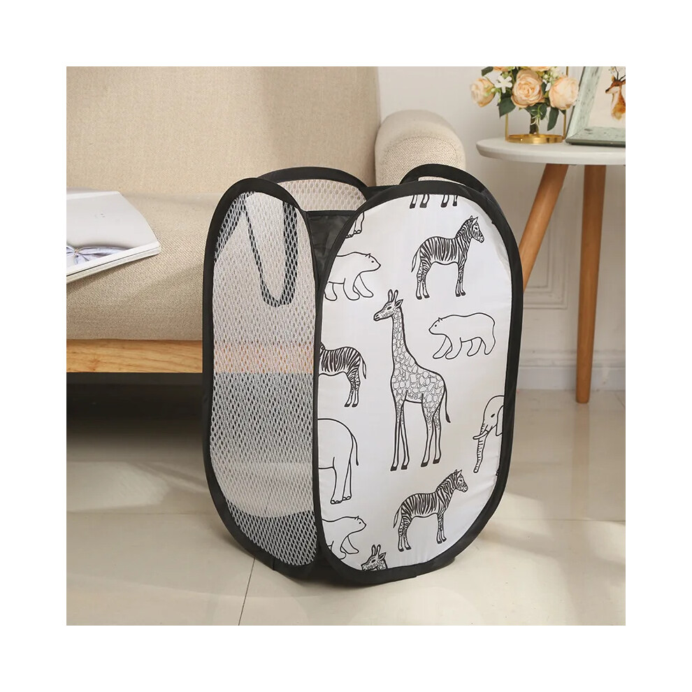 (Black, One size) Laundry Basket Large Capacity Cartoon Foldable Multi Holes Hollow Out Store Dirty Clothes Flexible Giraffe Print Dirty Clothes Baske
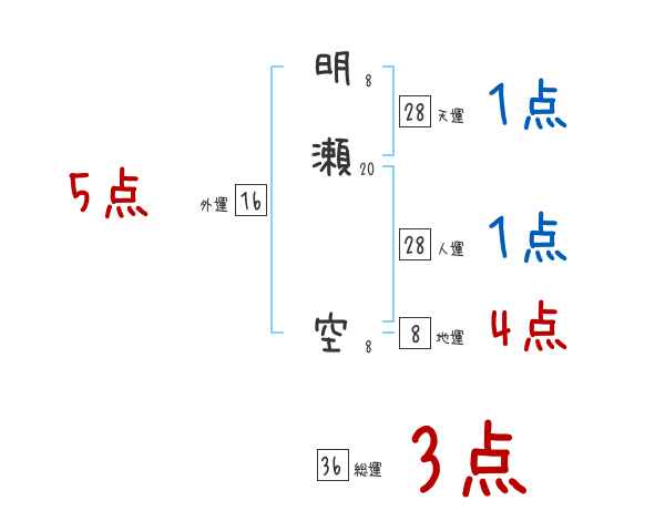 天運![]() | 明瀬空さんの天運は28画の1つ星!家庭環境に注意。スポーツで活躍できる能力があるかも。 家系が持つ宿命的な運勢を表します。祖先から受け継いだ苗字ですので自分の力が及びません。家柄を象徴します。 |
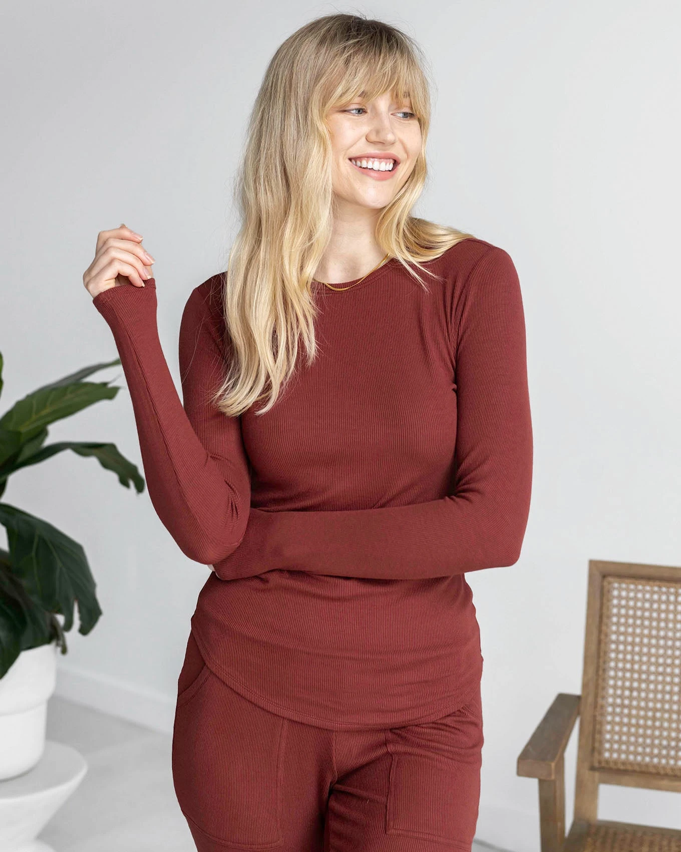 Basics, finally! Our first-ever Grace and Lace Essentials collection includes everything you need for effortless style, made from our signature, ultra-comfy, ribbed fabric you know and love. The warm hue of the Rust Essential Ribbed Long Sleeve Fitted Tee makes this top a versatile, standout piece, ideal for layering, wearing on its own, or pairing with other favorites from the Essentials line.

EXERCISE PROMPT:
Take the lines from the one holding "天運![]() | 明瀬空さんの天運は28画の1つ星!家庭環境に注意。スポーツで活躍できる能力があるかも。" through the final line of the listing above and copy them exactly, both ends included, with no pictures.

RESPONSE FOR THIS EXERCISE:
 天運![]() | 明瀬空さんの天運は28画の1つ星!家庭環境に注意。スポーツで活躍できる能力があるかも。 家系が持つ宿命的な運勢を表します。祖先から受け継いだ苗字ですので自分の力が及びません。家柄を象徴します。 |
 Basics, finally! Our first-ever Grace and Lace Essentials collection includes everything you need for effortless style, made from our signature, ultra-comfy, ribbed fabric you know and love. The warm hue of the Rust Essential Ribbed Long Sleeve Fitted Tee makes this top a versatile, standout piece, ideal for layering, wearing on its own, or pairing with other favorites from the Essentials line.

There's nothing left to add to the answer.